2. Select the Data tab. In the Transformations group, click Stack to display the Unstacking/Stacking dialog box. Select the Stacking tab, and click the Variables button. In the variable selection dialog box, select all four variables and click the OK button.

In the Unstacking/Stacking dialog box, in the Destination variable name field, type in Frequency. In the Code variable name field, type in Level of Smoking.

Click OK. A new spreadsheet is created with two variables, Frequency and Level of Smoking.

3. On the ribbon bar, select the Data tab. In the Variables group, click the Variables arrow and from the drop-down list, select Add to display the Add Variables dialog box. In the How many field, enter 1. In the After field, enter 2. In the Name field, enter Employee Category.

Click OK.  A new variable is added to the spreadsheet.

4. On the ribbon bar, select the Data tab. In the Cases group, click Names to display the Case Names Manager dialog box. In the Transfer case names group box, select the To option button. Double-click in the Variable field to display the Select Variable dialog box. Select Employee Category and click OK.

Click OK in the Case Names Manager dialog box to update the Employee Category variable with the case names.

5. On the ribbon bar, select the Tools tab. Click Weight to display the Spreadsheet Case Weights dialog box. In the Status group box, select the On option button. In the Weight variable field, enter Frequency.  

Click OK. If the Setting Spreadsheet Case Weights dialog box is displayed (which further explains the use of case weights), click OK.

The spreadsheet (shown partially below) is now ready for analysis with the Crosstabulation tool. It contains the two variables for analysis, Level of Smoking and Employee Category.

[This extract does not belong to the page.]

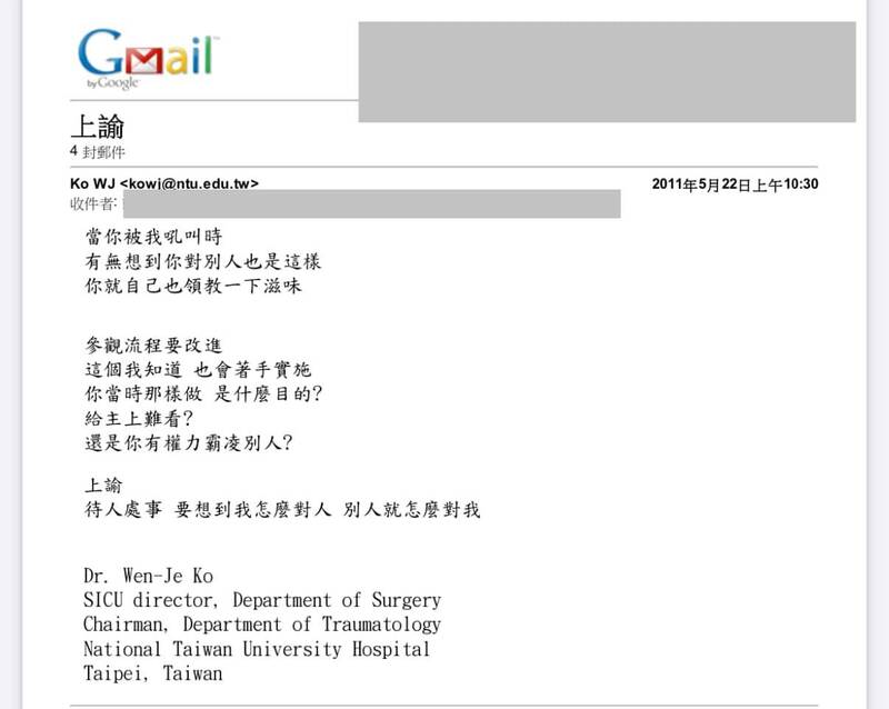其實王介立醫師早在2024年就於臉書曝光約莫15年前柯文哲寄給他的電子郵件,郵件標題甚至叫「上諭」,內容為「當你被我吼叫時,有無想到你對別人也是這樣,你就自己也領教一下滋味。參觀流程要改進,這個我知道,也會著手實施,你當時那樣做,是什麼目的?給主上難看?還是你有權力霸凌別人?上諭,待人處事,要想到我怎麼對人,別人就怎麼對我。」

The third variable, Frequency, contains the frequency weights that will be used in analysis.

Analyzing the Data  

The Crosstabulation tool can be used for creating contingency tables as well as for the calculation of several statistics including various independence tests and percentages of rows, columns, and total. Now that raw data has been created from the original contingency table, the data can be analyzed in Statistica.

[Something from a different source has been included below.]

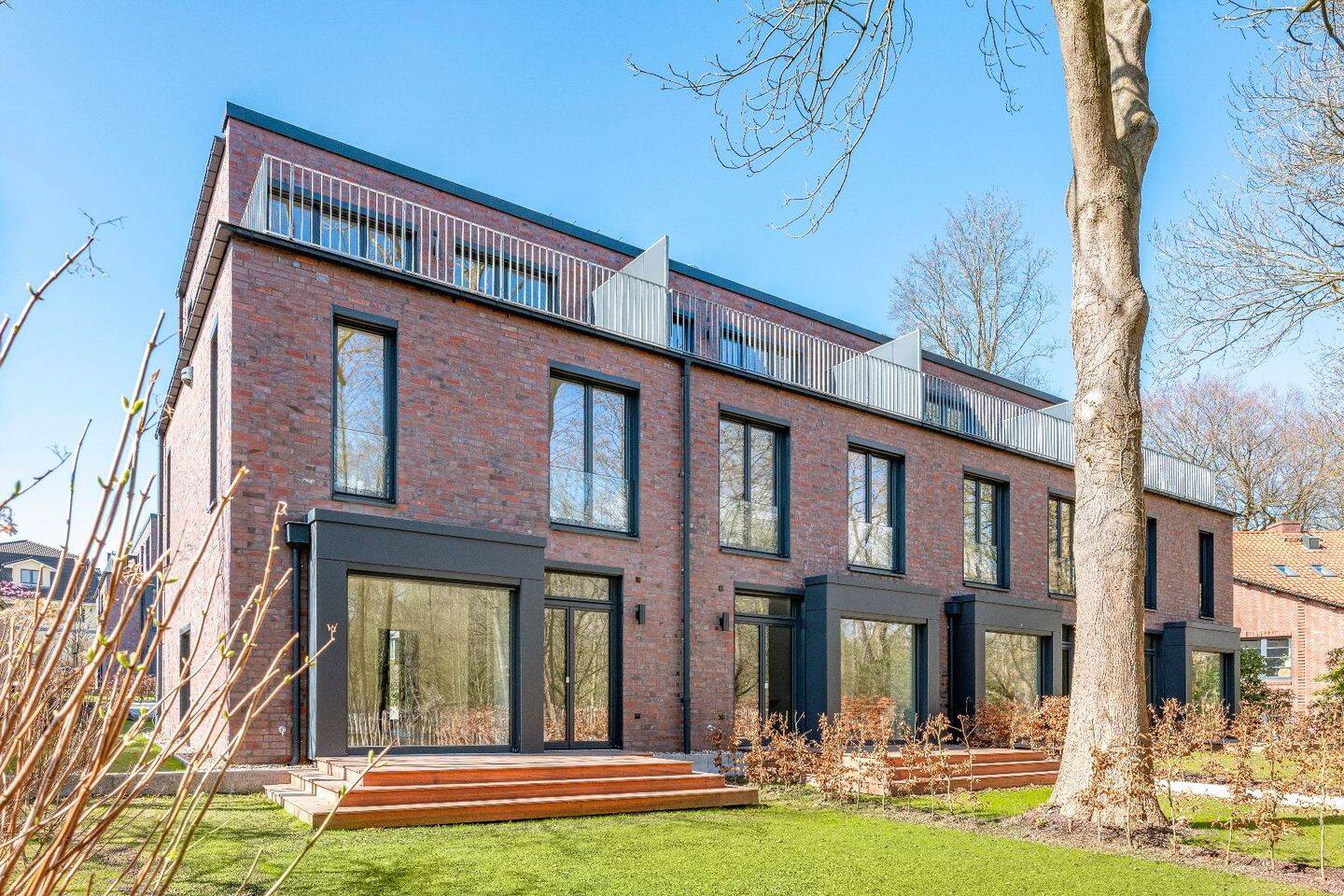 Ruhig gelegen und dennoch urban: Dieses stilvolle Neubau Townhouse verbindet modernes Wohnen mit einem unmittelbaren Bezug zur Natur. Klare Linien, großzügige Glasflächen und der unverbaute Blick ins angrenzende Biotop verleihen dem Haus eine besondere Ausstrahlung - ideal für alle, die Wert auf Ruhe und Qualität legen.Das Erdgeschoss bildet das Herzstück des Hauses: Ein offen gestalteter Wohn- und Essbereich mit bodentiefen Fenstern schafft eine helle, einladende Atmosphäre. Die Terrasse schließt direkt an und eröffnet einen freien Blick in die natürliche Umgebung - ein fließender Übergang zwischen Innenraum und Natur. Die integrierte Küche fügt sich nahtlos ein und wird zum Mittelpunkt des gemeinsamen Lebens.Im Obergeschoss erwarten Sie zwei flexibel nutzbare Räume, die sich perfekt als Kinderzimmer, Gästezimmer oder Arbeitszimmer anbieten. Ergänzt wird diese Ebene durch ein großzügiges Bad sowie praktische Stauraumlösungen, die den Alltag angenehm strukturieren.Das Dachgeschoss ist als privater Rückzugsbereich konzipiert: Ein geräumiges Schlafzimmer mit eigenem Bad und Zugang zu einer weiteren Außenfläche schafft eine ruhige, abgeschlossene Wohnwelt. Große Fenster sorgen auch hier für viel Licht und eine freundliche Atmosphäre.Die hochwertige Klinkerfassade, kombiniert mit moderner Architektur und klarer Formsprache, unterstreicht den zeitlosen Charakter des Hauses. Zwei Außenbereiche, die direkte Lage im Grünen und die intelligente Raumaufteilung über drei Ebenen machen dieses Townhouse zu einem besonderen Zuhause.Perfekt für alle, die naturnah wohnen möchten, ohne auf die Annehmlichkeiten der Stadt zu verzichten.Die Ausstattungsdetails auf einen Blick:Nach Westen ausgerichtete Terrasse und DachterrasseTerrasse mit elektrischem SonnenmarkisenanschlussBodentiefe Fenster für lichtdurchflutete RäumeDreifach verglaste HolzfensterAbschließbare FenstergriffeEichenparkett, LandhausdielenDornbracht ArmaturenGroßformatige Fliesen, bodengleiche DuschenFußbodenheizung mit EinzelraumsteuerungVerbundsicherheitsglas im EGKontrollierte Be- und Entlüftung mit WärmerückgewinnungGegensprechanlage, Vorrüstung für eine AlarmanlageLuft-Wärme-Pumpe und PhotovoltaikanlageAußenstellplatz zusätzlich erwerbbarFertigstellt und bezugsfertig
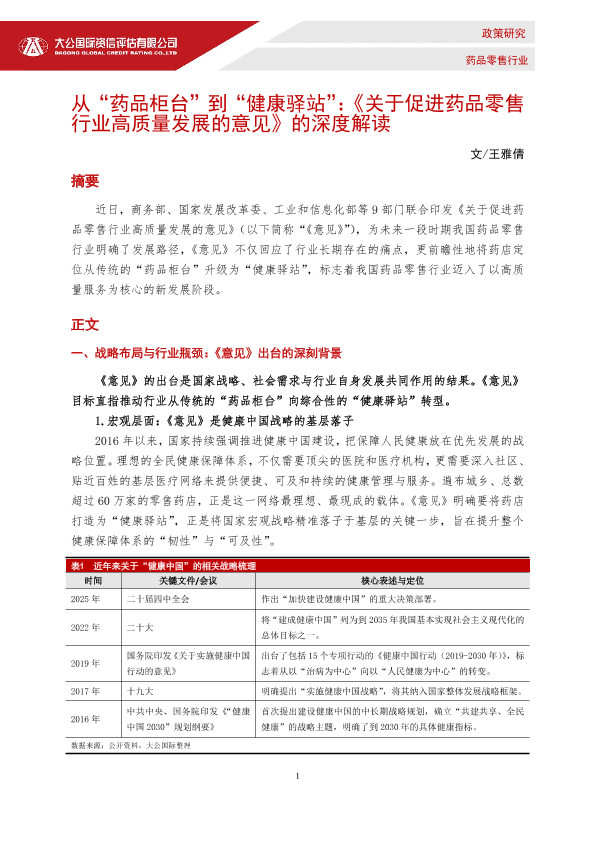 【大公国际】【2026】从“药品柜台”到“健康驿站”:《关于促进药品零售行业高质量发展的意见》的深度解读-5页

1. On the ribbon bar, select the Statistics tab. In the Base group, click Basic Statistics to display the Basic Statistics and Tables Startup Panel. Select Tables and banners and click OK to display the Crosstabulation Tables dialog box.

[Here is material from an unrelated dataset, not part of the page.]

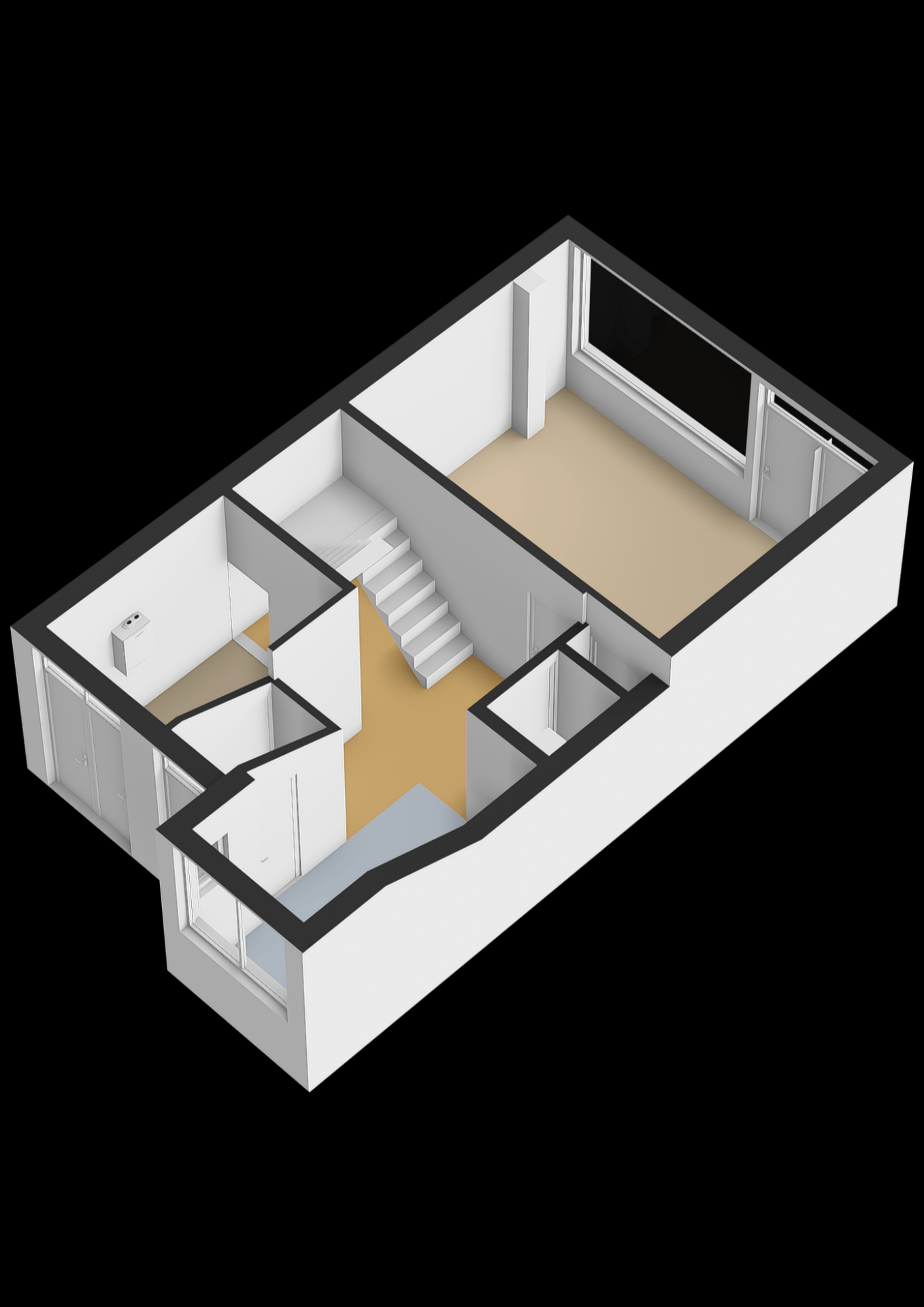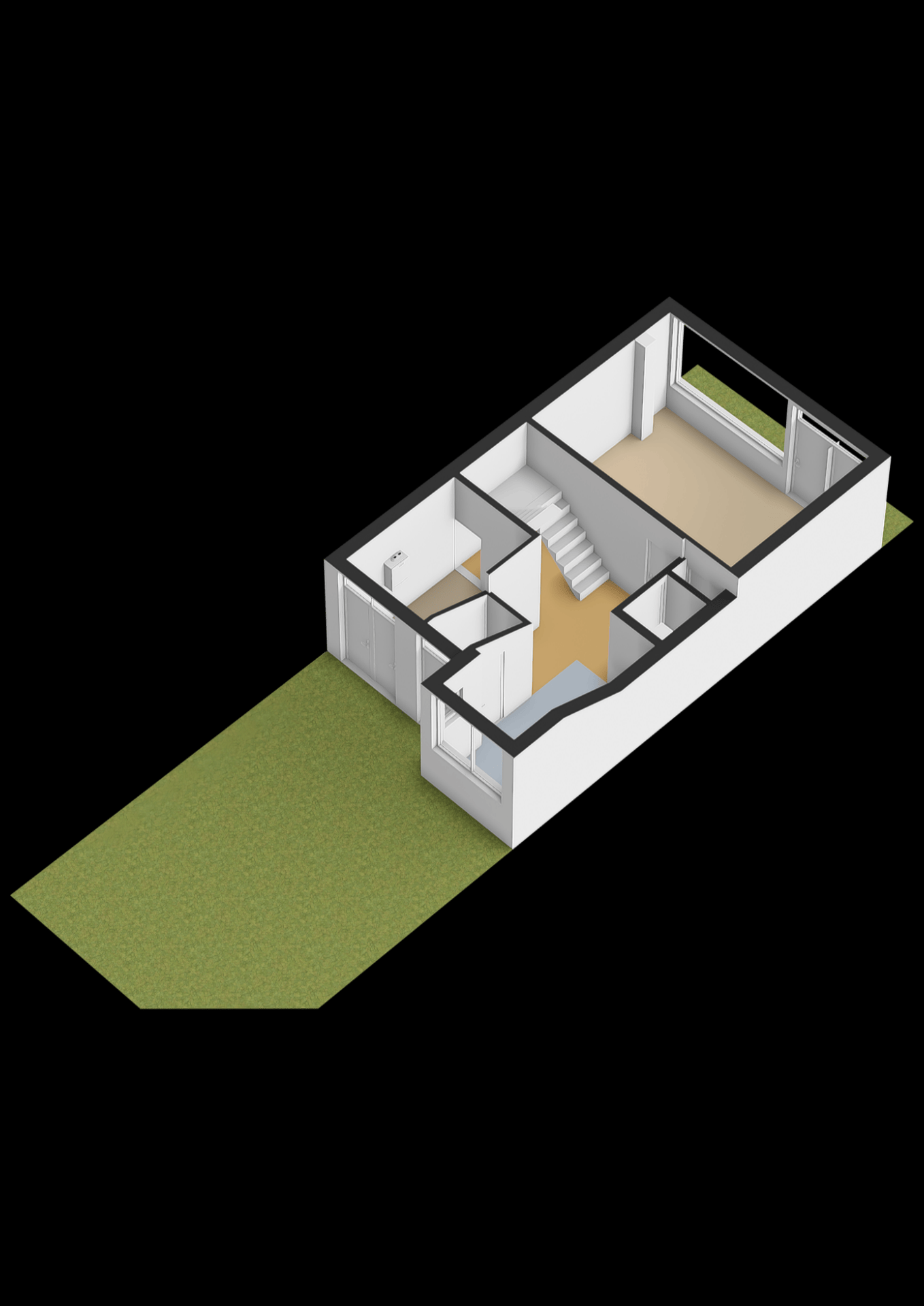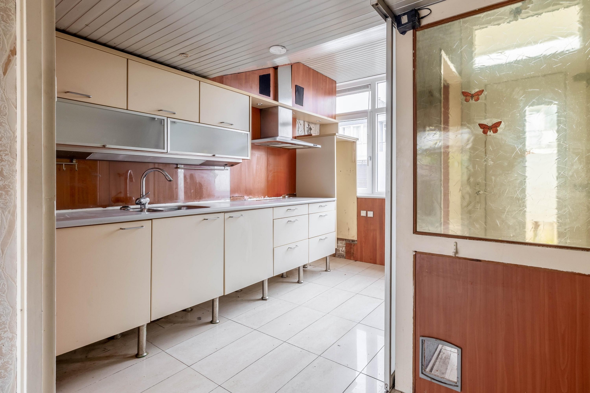 Bij binnenkomst kom je via de entree in de hal met toegang tot het toilet, de trapopgang en de verschillende vertrekken op de begane grond. De woonkamer ligt aan de achterzijde van het huis en valt direct op door de grote raampartij. Hierdoor komt er veel daglicht naar binnen en heb je een prettige verbinding met de tuin. De ruimte is goed in te delen met een zit- en eetgedeelte en biedt volop mogelijkheden om hier een moderne leefruimte van te maken. Vanuit de woonkamer stap je zo de achtertuin in, wat het geheel extra aantrekkelijk maakt. Aan de voorzijde van het huis bevindt zich de keuken.

2. On the Crosstabulation tab, click the Specify tables (select variables) button to display the Select up to 6 lists of grouping variables dialog box. In List 1, select Level of Smoking. In List 2, select Employee Category. Click OK in the Select up to 6 lists of grouping variables dialog box, and click OK in the Crosstabulation Tables dialog box to display the Crosstabulation Tables Results dialog box.

3. Select the Options tab. In the Compute tables group box, select the Percentages of row counts check box and the Percentages of column counts check box. In the Statistics for two-way tables group box, select the Pearson & M-L Chi-square check box.

4. Select the Advanced tab. Click the Detailed two-way tables button to create the two-way table output and chi-square output.

The 2-Way Summary Table output gives the contingency table along with the requested row and column percents. The first Column %, 36.36%, is interpreted as follows: of senior managers, 36.36% report that they are non-smokers. The first Row %, 6.56%, is interpreted as: of non-smokers, 6.56% were senior managers. This table is helpful in showing trends between the two variables.

The second output data file contains the independence test statistics. The test is evaluating the independence of Level of Smoking and Employee Category. If the two are independent, no significant relationship exists between them. If the null hypothesis is rejected and the variables are found to be dependent, it can be concluded that Level of Smoking varies across Employee Category. At this point, the relationship could be further explored with row, column, and total percentages.

The Chi-square test is 16.44164 with an insignificant p-value of 0.1783. This indicates that the two variables are independent or that no significant relationship exists between Level of Smoking and Employee Category.